Data supplied
━━━

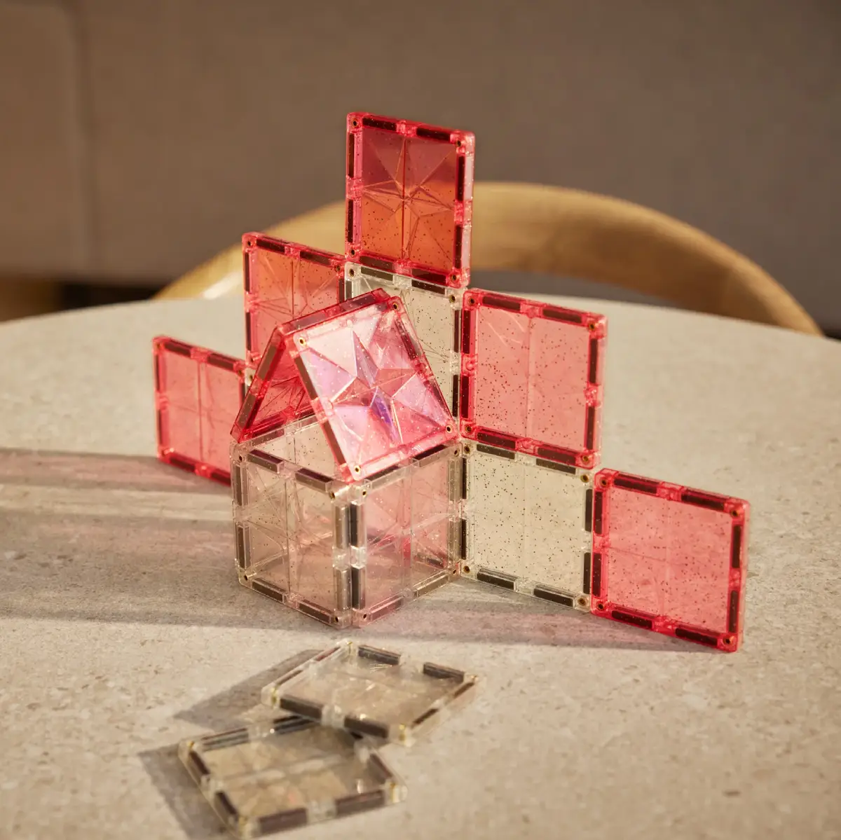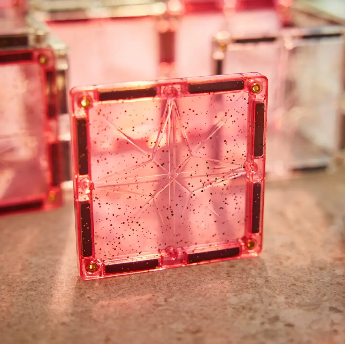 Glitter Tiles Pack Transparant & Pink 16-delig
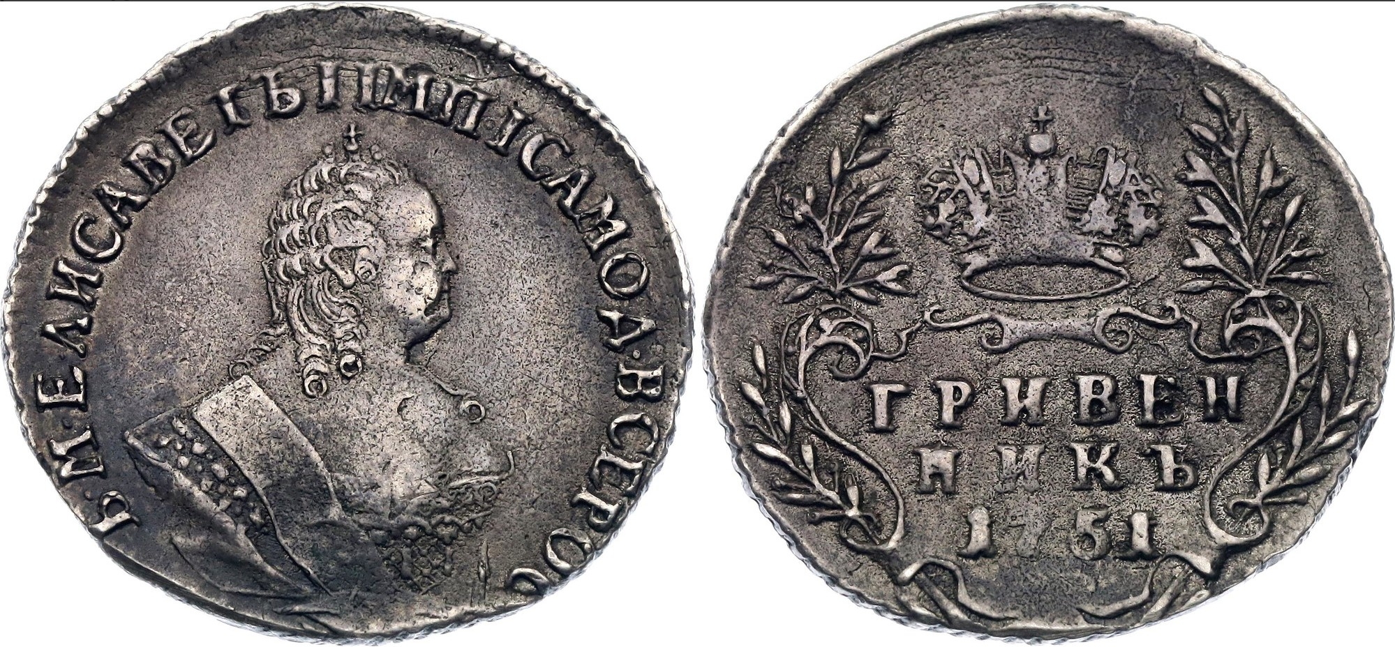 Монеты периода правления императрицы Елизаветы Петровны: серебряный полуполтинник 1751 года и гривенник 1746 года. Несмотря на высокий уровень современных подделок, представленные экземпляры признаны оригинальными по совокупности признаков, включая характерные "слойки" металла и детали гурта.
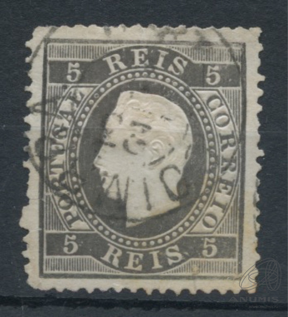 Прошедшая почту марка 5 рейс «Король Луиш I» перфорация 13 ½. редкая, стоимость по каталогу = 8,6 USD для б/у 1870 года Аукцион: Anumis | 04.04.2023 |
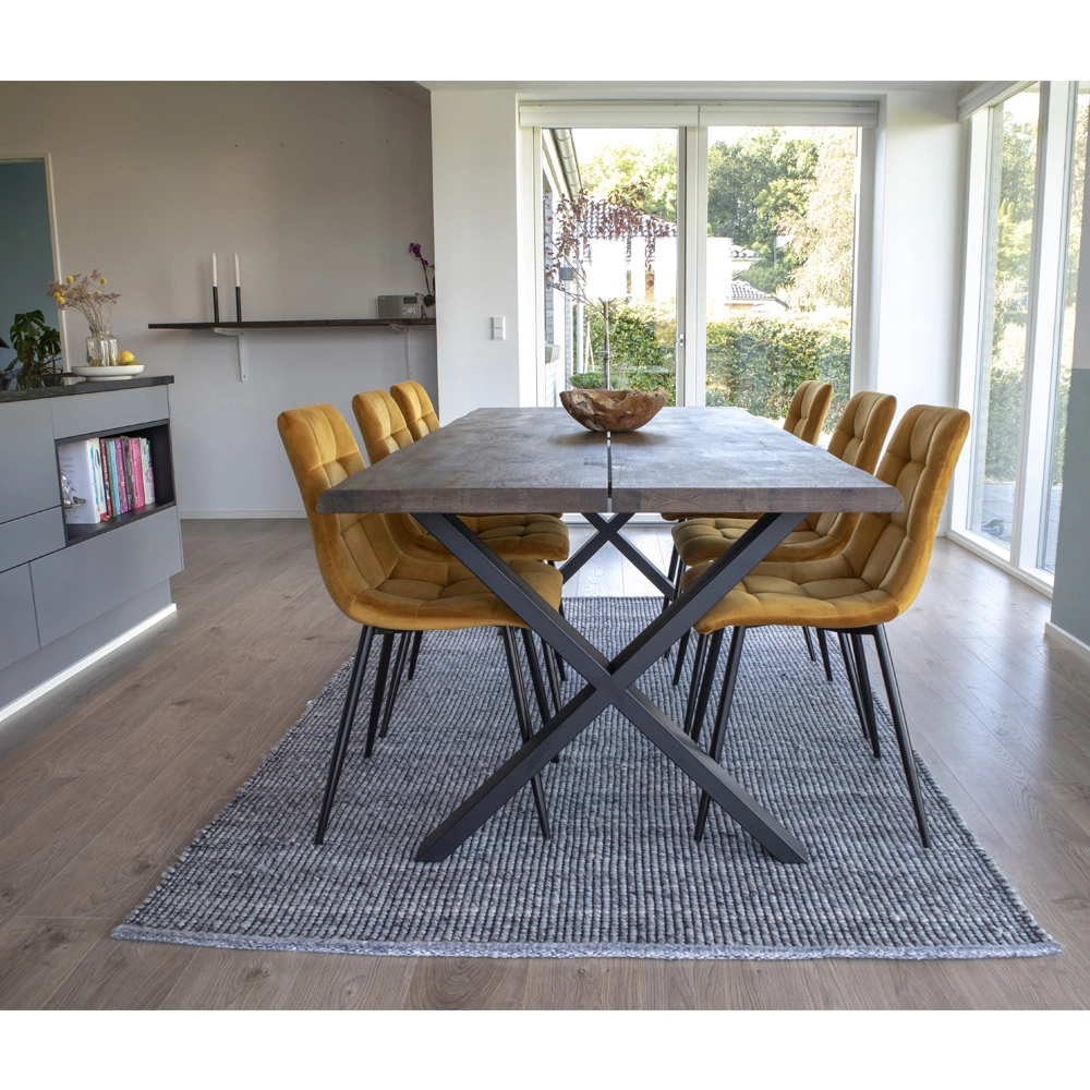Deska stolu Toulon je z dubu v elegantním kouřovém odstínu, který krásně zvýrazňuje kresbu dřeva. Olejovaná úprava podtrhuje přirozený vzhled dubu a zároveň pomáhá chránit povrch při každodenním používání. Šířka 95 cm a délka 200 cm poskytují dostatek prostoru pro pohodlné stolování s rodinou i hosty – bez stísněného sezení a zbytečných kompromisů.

━━━

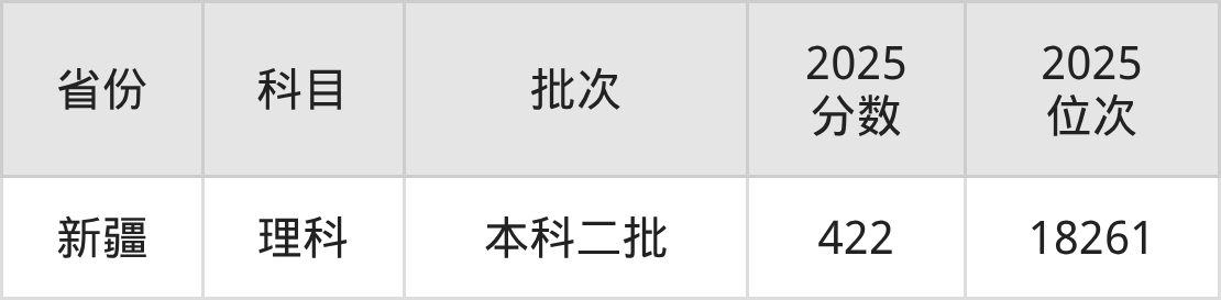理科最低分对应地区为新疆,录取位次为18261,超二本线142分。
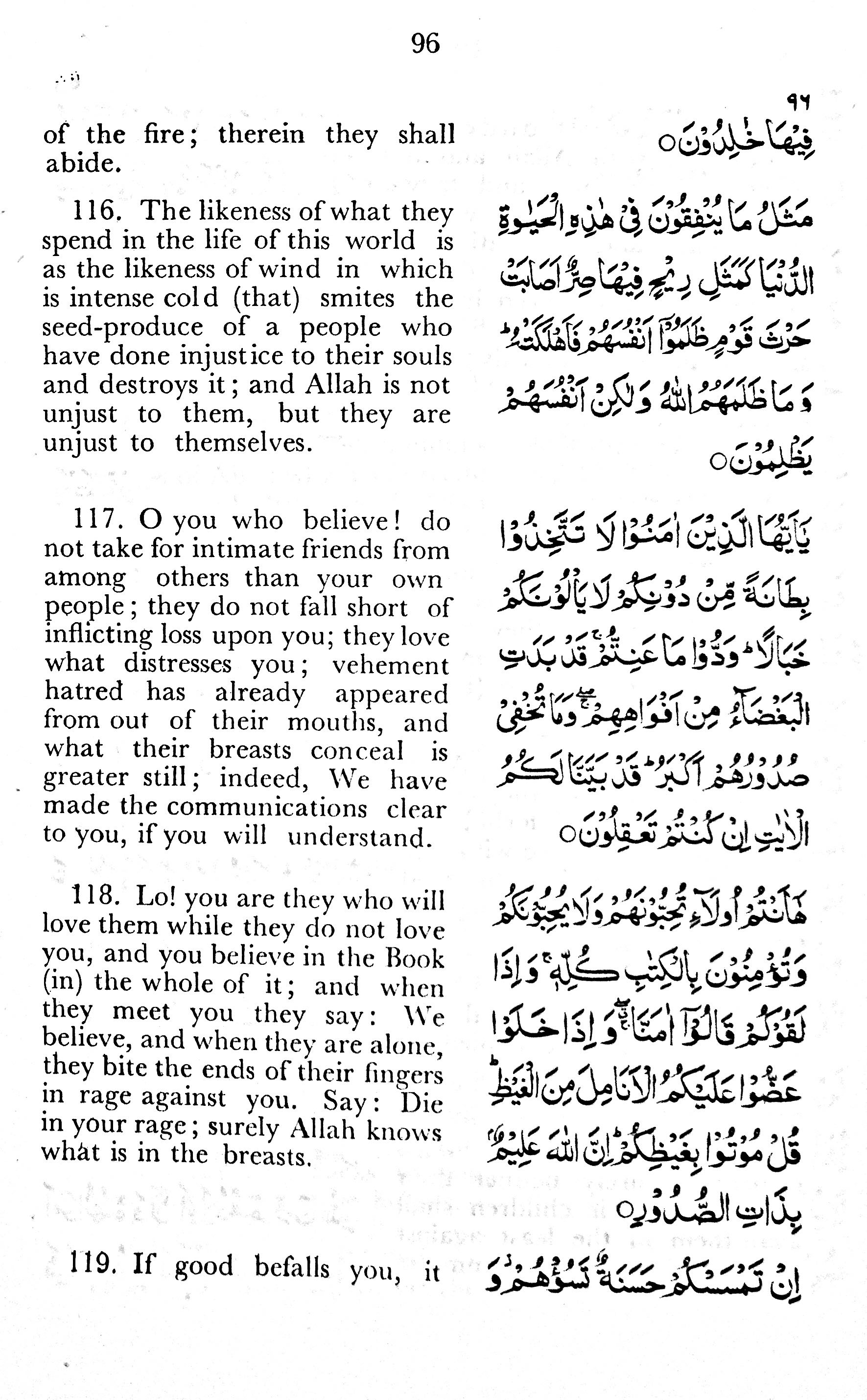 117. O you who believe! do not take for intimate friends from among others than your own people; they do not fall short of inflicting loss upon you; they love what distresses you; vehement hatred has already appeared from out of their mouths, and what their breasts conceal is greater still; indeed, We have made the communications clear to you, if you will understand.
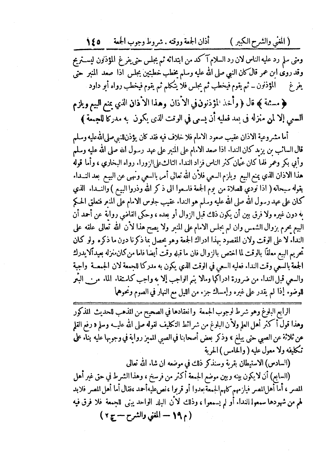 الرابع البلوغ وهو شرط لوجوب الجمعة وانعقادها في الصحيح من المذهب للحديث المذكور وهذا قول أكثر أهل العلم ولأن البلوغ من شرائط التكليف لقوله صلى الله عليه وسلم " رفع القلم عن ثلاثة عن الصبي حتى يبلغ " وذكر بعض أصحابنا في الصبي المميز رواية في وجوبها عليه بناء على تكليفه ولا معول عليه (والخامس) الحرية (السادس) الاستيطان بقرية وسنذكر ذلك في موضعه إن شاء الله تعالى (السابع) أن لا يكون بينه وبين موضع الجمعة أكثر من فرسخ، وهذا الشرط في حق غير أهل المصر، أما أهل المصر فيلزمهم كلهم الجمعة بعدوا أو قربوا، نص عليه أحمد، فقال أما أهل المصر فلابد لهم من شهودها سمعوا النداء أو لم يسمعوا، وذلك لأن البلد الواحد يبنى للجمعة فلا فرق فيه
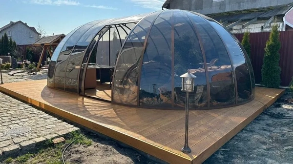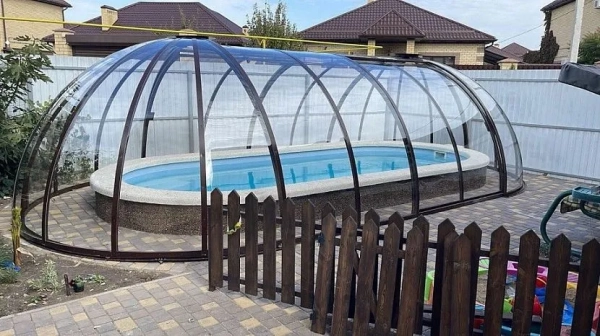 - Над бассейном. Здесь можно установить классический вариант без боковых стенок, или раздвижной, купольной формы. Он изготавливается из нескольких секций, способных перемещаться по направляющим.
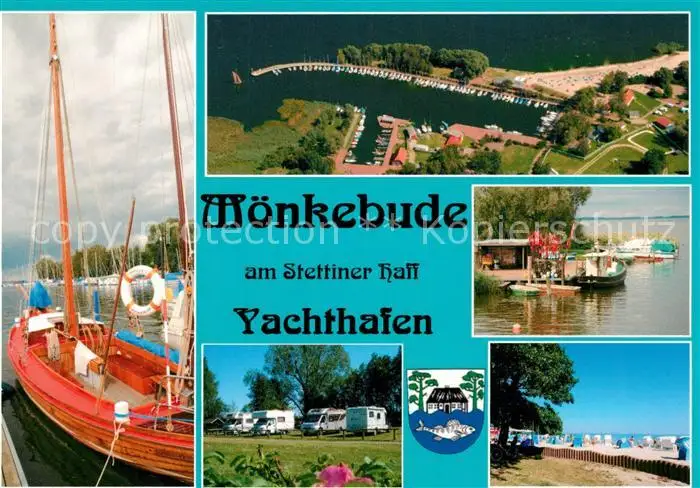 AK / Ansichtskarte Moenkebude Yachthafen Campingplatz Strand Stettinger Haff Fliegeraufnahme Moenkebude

━━━

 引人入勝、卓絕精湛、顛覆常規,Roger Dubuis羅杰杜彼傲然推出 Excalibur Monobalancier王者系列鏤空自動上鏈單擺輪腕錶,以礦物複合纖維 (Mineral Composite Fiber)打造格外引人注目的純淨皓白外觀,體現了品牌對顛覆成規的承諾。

━━━

What to do
The reply should hold exactly the lines above, starting at the line with "Прошедшая почту марка" and ending at the line with "Deska stolu Toulon", and no pictures.

Problem solution
 Прошедшая почту марка 5 рейс «Король Луиш I» перфорация 13 ½. редкая, стоимость по каталогу = 8,6 USD для б/у 1870 года Аукцион: Anumis | 04.04.2023 |
Deska stolu Toulon je z dubu v elegantním kouřovém odstínu, který krásně zvýrazňuje kresbu dřeva. Olejovaná úprava podtrhuje přirozený vzhled dubu a zároveň pomáhá chránit povrch při každodenním používání. Šířka 95 cm a délka 200 cm poskytují dostatek prostoru pro pohodlné stolování s rodinou i hosty – bez stísněného sezení a zbytečných kompromisů.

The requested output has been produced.